Since pictures are not wanted in the copy, output only the rest of each record exactly.

Records excerpted from a collection:

Content starts

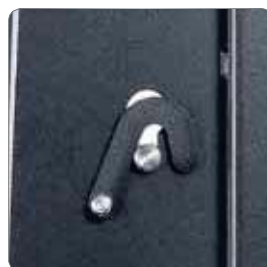
Locked when mounted with an Audipack mounting bracket
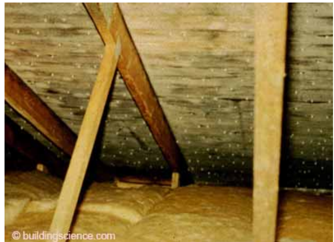
Photograph 1: Moldy and Decaying Attic – Notice the frost on the nails penetrating the roof sheathing. Moisture ends up on the coldest surfaces first. The sheathing is taking a beating, but the top chords of the roof trusses are doing fine because they are just a little bit warmer.

The final bit of good news for the old leaky poorly insulated attic was the presence of a chimney. And not just any chimney, a big, hulking masonry chimney connected to a big oil furnace. Lots and lots of air was sucked out of houses with these chimneys. Think of this old type of chimney as a powerful exhaust fan that served to depressurize the enclosure and provide air change. The air change diluted interior moisture levels and the depressurization raised the neutral pressure plane reducing the amount of exfiltration into the attic. Many old timers viewed these chimneys as the ultimate ventilation system – an exhaust fan that never burned out.
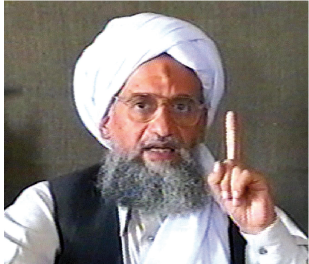
Al-Qaeda leader Ayman al-Zawahiri was purported to praise the deadly attack on the US Consulate in Benghazi, Libya on 11 September 2012.

subsequently drafted a cable describing and attributing the attack to the Imprisoned Omar Abdel Rahman Brigades. Leaflets left at the consulate by the terrorist subgroup promised more attacks on Americans.
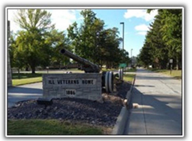
The Illinois Veterans' Home - Quincy

The IVH-Quincy is the largest and oldest veterans' home of the four in Illinois and one of the larger and older
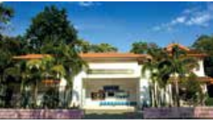
School of Traditional and Alternative Medicine
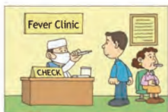
inspection and diagnosis

China has established a relatively complete response system to prevent an outbreak of infectious diseases.
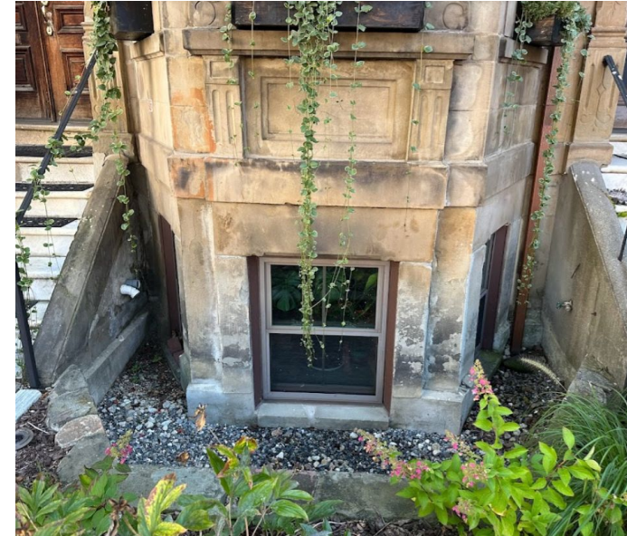
Example: 21 Wigglesworth Street
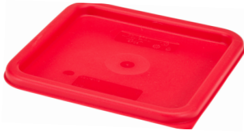
Square Lid for 6 or 8 Qt Container
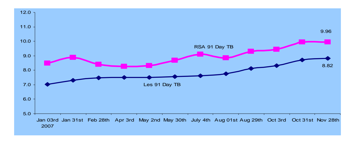
Figure 2: Measuring the Success of Monetary Policy Objectives

increase in December. The Lesotho 91day treasury bill rate fell by 8 basis points to 8.82 percent. The counterpart SA rate also increased from its previous level of 9.94 per cent in October to 9.96 per cent in December. Consequently, the margin between the two rates increased from 51 basis points to 114 basis points at the end of the review period, as depicted in Figure 2 below. The level of net international reserves remained above the CBL target of US$450-500 million. Thus the monetary policy operations were deemed successful in achieving the desired level of external reserves.
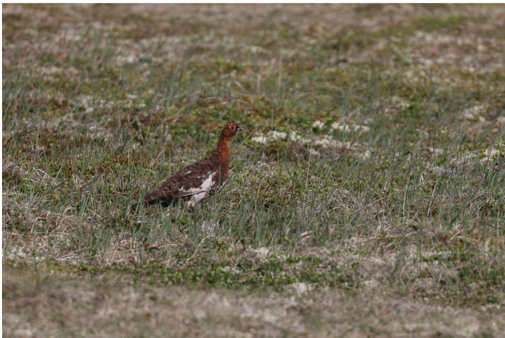
Willow Ptarmigan

On the way down, we spotted a huge target for us: Willow Ptarmigan. Two counter-singing males and a female! We spent some time photographing them within view of the Cape St. Mary's Visitor's Centre.
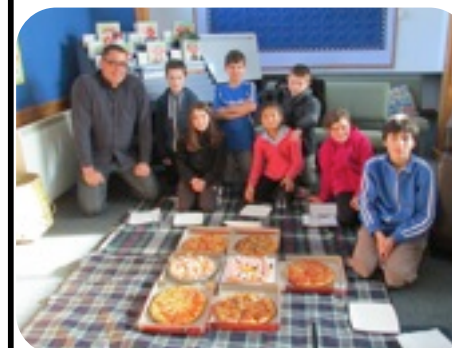
Team Kauri: Picnic with the Principal

Have a great week everyone and I look forward to seeing you around the school.
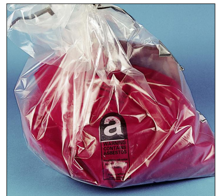
All waste should be double-bagged or double-wrapped in plastic sheeting, with the correct hazard warning signs attached.
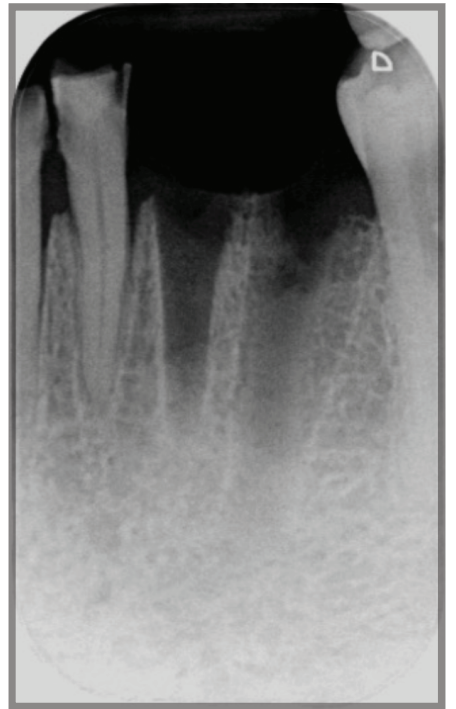
Figure. Conventional periapical dental radiographic appearance of medication-related osteonecrosis of the jaw for a patient treated with intravenous bisphosphonate. Note the thickening of the lamina dura, moderate bony sclerosis, and osteolysis in the socket.

10,000) in osteoporosis patients treated with antiresorptive drugs. ^{\scriptscriptstyle 35}
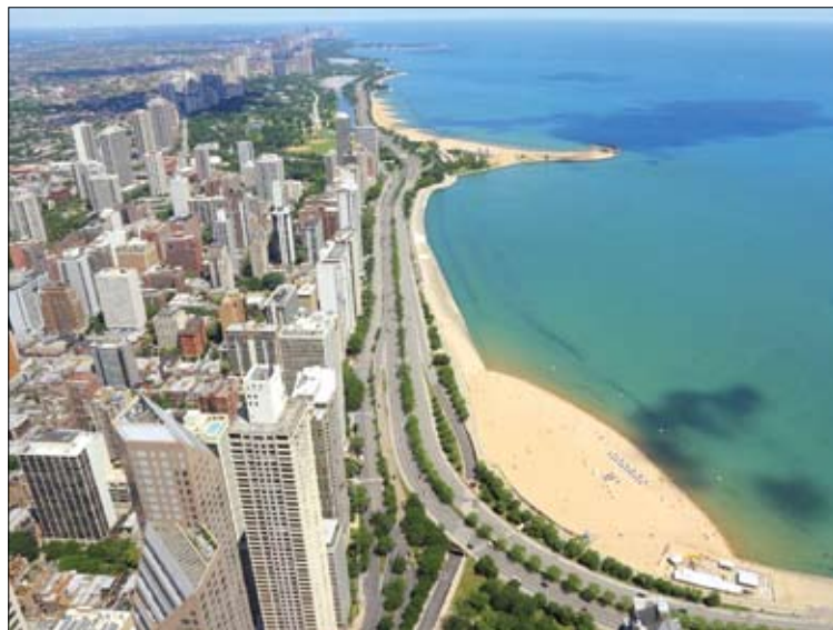
Wise leadership can harness the sea, and neighborhood by neighborhood harvest the bounty of the Prairie.

Chicago, it is important for all of us to recognize what a great city can still accomplish under the reason and intelligence of wise leadership. In the end, wise leadership can harness the sea, and neighborhood by neighborhood harvest the bounty of the Prairie.
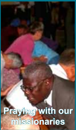
Praying with our missionaries
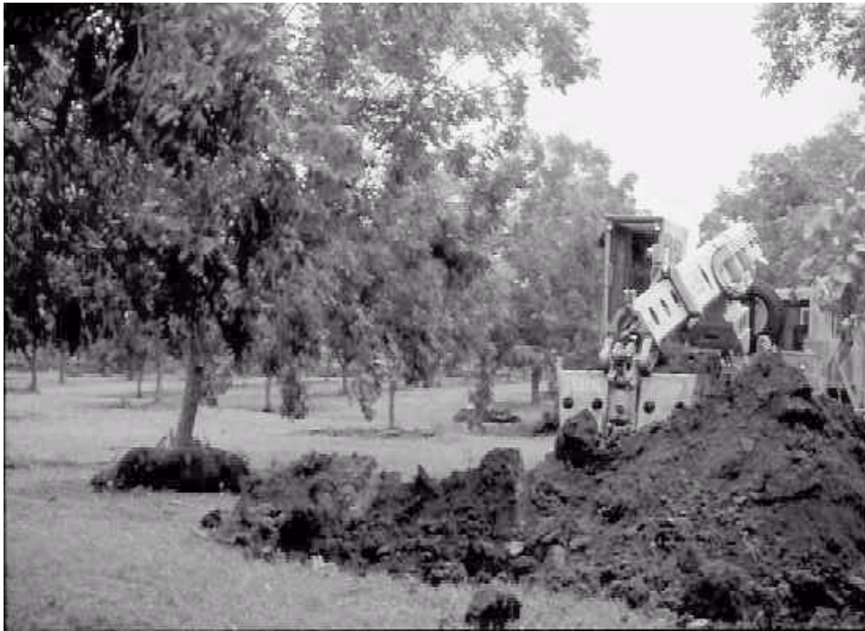
(Drowned cattle being buried in flooded orchard near Luling, Texas, Oct. '98)

Service, and the Texas Department of Transportation. Myriads of animal disaster issues were encountered such as identification and housing of stray livestock, capture and transportation of the same, as well as coordinating the disposal of the many large animal carcasses. Lower Colorado River Authority (LCRA - a pseudo-governmental agency) and local emergency response personnel played integral roles in coordinating the general debris removal and disposal process. Animal carcasses were generally considered as debris during the process, and were buried (where found if possible) or burned in air curtain incinerators along with other refuse. The laborious clean up process for animal carcasses took place over a two-week period in the 20 counties declared disaster areas (Wilson, TAHC internal report, 1998, & Ronsonette, 2001).
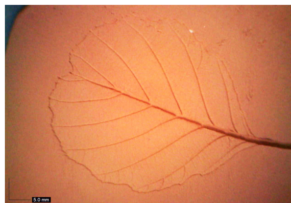
Fig. 3. Impressions of recent leaves of a) European hornbeam ( Carpinus betulus ), b) wild cherry ( Prunus avium ), and c) black alder ( Alnus glutinosa ) on fired clay.

negative of the leaf has relatively small dimensions for the species to which it belongs, which might indicate a young springtime leaf. However, plants can produce new leaves on their outer branches throughout the growing season, from spring to late summer.
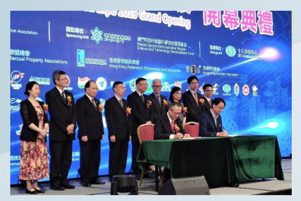
The cooperation Agreement Signing Ceremony between the Huafa 7 Intellectual Property Right National Intellectual Property Operation Platform and MIIA.

The ribbon-cutting ceremony was attended by leaders of the Liaison Office of the Central Committee of the Communist Party of Macao, officials and representatives of relevant departments of the Macao SAR government, social celebrities, guests from both sides of the Taiwan Straits and foreign countries
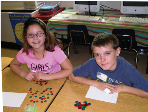
Second graders using counters at Muhlenberg Elementary School.

The Let's Read Math team has been off and running this fall. Along with our colleagues from AAUW-Allentown, we presented lessons in 20 elementary classrooms including Muhlenberg and Ritter in Allentown and Miller Heights and Farmersville in Bethlehem. Nothing stops these women from teaching a wonderful lesson ...not even a power outage! Just as we began The Greedy Triangle at Ritter Elementary, the entire school lost its electricity. But did that stop us...absolutely not. With our toothpicks and marshmallows at the ready, we provided a fun geometry-based lesson to 25 second graders.
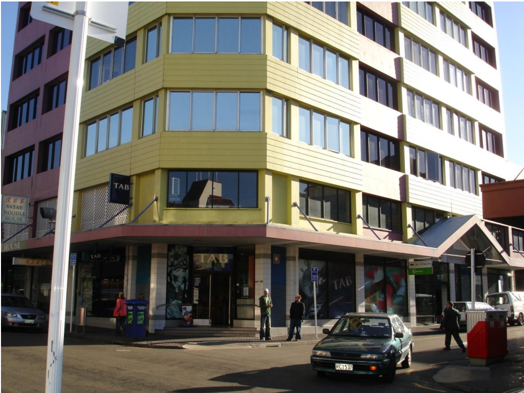
Cnr Cuba & Garrett Sts 2009
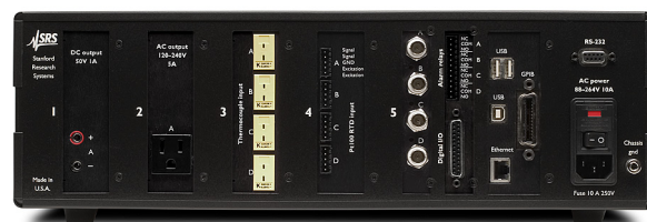
PTC10 rear panel

Macros are a powerful tool that can be used to tailor the behavior of the PTC10 for your experiment. For example, infinite-loop macros running as background tasks can take steps to address alarm conditions, automatically switch between sensor inputs (or heater outputs) depending on the current temperature or other factors, or implement cascade feedback schemes.

Content ends

Answer box:
Locked when mounted with an Audipack mounting bracket
Photograph 1: Moldy and Decaying Attic – Notice the frost on the nails penetrating the roof sheathing. Moisture ends up on the coldest surfaces first. The sheathing is taking a beating, but the top chords of the roof trusses are doing fine because they are just a little bit warmer.

The final bit of good news for the old leaky poorly insulated attic was the presence of a chimney. And not just any chimney, a big, hulking masonry chimney connected to a big oil furnace. Lots and lots of air was sucked out of houses with these chimneys. Think of this old type of chimney as a powerful exhaust fan that served to depressurize the enclosure and provide air change. The air change diluted interior moisture levels and the depressurization raised the neutral pressure plane reducing the amount of exfiltration into the attic. Many old timers viewed these chimneys as the ultimate ventilation system – an exhaust fan that never burned out.
Al-Qaeda leader Ayman al-Zawahiri was purported to praise the deadly attack on the US Consulate in Benghazi, Libya on 11 September 2012.

subsequently drafted a cable describing and attributing the attack to the Imprisoned Omar Abdel Rahman Brigades. Leaflets left at the consulate by the terrorist subgroup promised more attacks on Americans.
The Illinois Veterans' Home - Quincy

The IVH-Quincy is the largest and oldest veterans' home of the four in Illinois and one of the larger and older
School of Traditional and Alternative Medicine
inspection and diagnosis

China has established a relatively complete response system to prevent an outbreak of infectious diseases.
Example: 21 Wigglesworth Street
Square Lid for 6 or 8 Qt Container
Figure 2: Measuring the Success of Monetary Policy Objectives

increase in December. The Lesotho 91day treasury bill rate fell by 8 basis points to 8.82 percent. The counterpart SA rate also increased from its previous level of 9.94 per cent in October to 9.96 per cent in December. Consequently, the margin between the two rates increased from 51 basis points to 114 basis points at the end of the review period, as depicted in Figure 2 below. The level of net international reserves remained above the CBL target of US$450-500 million. Thus the monetary policy operations were deemed successful in achieving the desired level of external reserves.
Willow Ptarmigan

On the way down, we spotted a huge target for us: Willow Ptarmigan. Two counter-singing males and a female! We spent some time photographing them within view of the Cape St. Mary's Visitor's Centre.
Team Kauri: Picnic with the Principal

Have a great week everyone and I look forward to seeing you around the school.
All waste should be double-bagged or double-wrapped in plastic sheeting, with the correct hazard warning signs attached.
Figure. Conventional periapical dental radiographic appearance of medication-related osteonecrosis of the jaw for a patient treated with intravenous bisphosphonate. Note the thickening of the lamina dura, moderate bony sclerosis, and osteolysis in the socket.

10,000) in osteoporosis patients treated with antiresorptive drugs. ^{\scriptscriptstyle 35}
Wise leadership can harness the sea, and neighborhood by neighborhood harvest the bounty of the Prairie.

Chicago, it is important for all of us to recognize what a great city can still accomplish under the reason and intelligence of wise leadership. In the end, wise leadership can harness the sea, and neighborhood by neighborhood harvest the bounty of the Prairie.
Praying with our missionaries
(Drowned cattle being buried in flooded orchard near Luling, Texas, Oct. '98)

Service, and the Texas Department of Transportation. Myriads of animal disaster issues were encountered such as identification and housing of stray livestock, capture and transportation of the same, as well as coordinating the disposal of the many large animal carcasses. Lower Colorado River Authority (LCRA - a pseudo-governmental agency) and local emergency response personnel played integral roles in coordinating the general debris removal and disposal process. Animal carcasses were generally considered as debris during the process, and were buried (where found if possible) or burned in air curtain incinerators along with other refuse. The laborious clean up process for animal carcasses took place over a two-week period in the 20 counties declared disaster areas (Wilson, TAHC internal report, 1998, & Ronsonette, 2001).
Fig. 3. Impressions of recent leaves of a) European hornbeam ( Carpinus betulus ), b) wild cherry ( Prunus avium ), and c) black alder ( Alnus glutinosa ) on fired clay.

negative of the leaf has relatively small dimensions for the species to which it belongs, which might indicate a young springtime leaf. However, plants can produce new leaves on their outer branches throughout the growing season, from spring to late summer.
The cooperation Agreement Signing Ceremony between the Huafa 7 Intellectual Property Right National Intellectual Property Operation Platform and MIIA.

The ribbon-cutting ceremony was attended by leaders of the Liaison Office of the Central Committee of the Communist Party of Macao, officials and representatives of relevant departments of the Macao SAR government, social celebrities, guests from both sides of the Taiwan Straits and foreign countries
Second graders using counters at Muhlenberg Elementary School.

The Let's Read Math team has been off and running this fall. Along with our colleagues from AAUW-Allentown, we presented lessons in 20 elementary classrooms including Muhlenberg and Ritter in Allentown and Miller Heights and Farmersville in Bethlehem. Nothing stops these women from teaching a wonderful lesson ...not even a power outage! Just as we began The Greedy Triangle at Ritter Elementary, the entire school lost its electricity. But did that stop us...absolutely not. With our toothpicks and marshmallows at the ready, we provided a fun geometry-based lesson to 25 second graders.
Cnr Cuba & Garrett Sts 2009
PTC10 rear panel

Macros are a powerful tool that can be used to tailor the behavior of the PTC10 for your experiment. For example, infinite-loop macros running as background tasks can take steps to address alarm conditions, automatically switch between sensor inputs (or heater outputs) depending on the current temperature or other factors, or implement cascade feedback schemes.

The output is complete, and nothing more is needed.